Trunk's 'socializing' concept — the idea that a hotel should function as a neighborhood commons rather than a sealed pod — manifests in a Cat Street building that blurs the boundary between guest and public space. The ground-floor lounge, bar, and terrace are open to non-guests and buzz with Harajuku's creative class. The 15 rooms upstairs are design-forward (concrete, natural textiles, Japanese cypress tubs) and generous for the neighborhood. The whole operation feels built by people who live here and wanted a hotel reflecting their taste rather than a corporate idea of Tokyo. The result is the most design-literate stay in Shibuya, with a social dimension that makes the lobby as valuable as the room.
Location
Shibuya, Tokyo
Insider Intel
Book a terrace room if available for the private outdoor space — rare in central Tokyo. The ground-floor restaurant serves Japanese-inflected brunch and dinner that are good enough to draw non-guests. The lobby bar is the real living room — use it as your base between neighborhood explorations. Ask the concierge for their Cat Street and Harajuku recommendations — the staff are locals with genuine taste.
Spring and autumn for the terrace and the walking season. The hotel's social energy peaks on weekends when the ground floor draws the Harajuku crowd. Weeknights for a quieter room experience. Cherry blossom season fills the hotel and the surrounding streets with pedestrian traffic.

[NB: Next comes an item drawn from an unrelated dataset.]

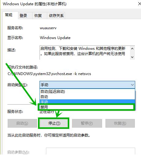 4、之后将【启动类型】改为【禁用】,再点击【停止】按钮
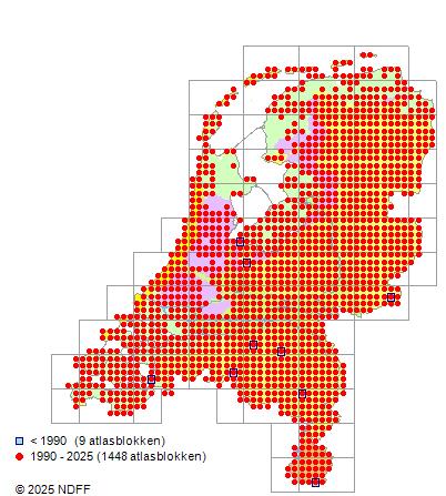 Het aantal atlasblokken (5x5 km) waarin de soort is gemeld binnen een periode van vijf jaar (vanaf 1980) of twintig jaar. Niet gecorrigeerd voor waarnemersinspanning en het aantal doorgegeven waarnemingen kan sterk variëren per periode, dus een trend in verspreiding kan hier niet direct uit worden afgelezen. Het opgegeven jaartal is het eerste jaar van de periode. Bron: gevalideerde waarnemingen uit de NDFF.

Cat Street, between Harajuku and Shibuya — the pedestrian lane that holds Tokyo's most interesting independent fashion and design shops. Only 15 rooms, so book well ahead. Rooms from approximately 40,000 yen per night. The ground floor is intentionally public; the room floors are private and quiet. Harajuku, Omotesando, Meiji Shrine, and Shibuya are all within a 10-minute walk. The nearest stations are Meiji-Jingumae and Shibuya. Credit cards accepted. The design ethos extends to every detail — the amenities, the furniture, the art — and rewards attention.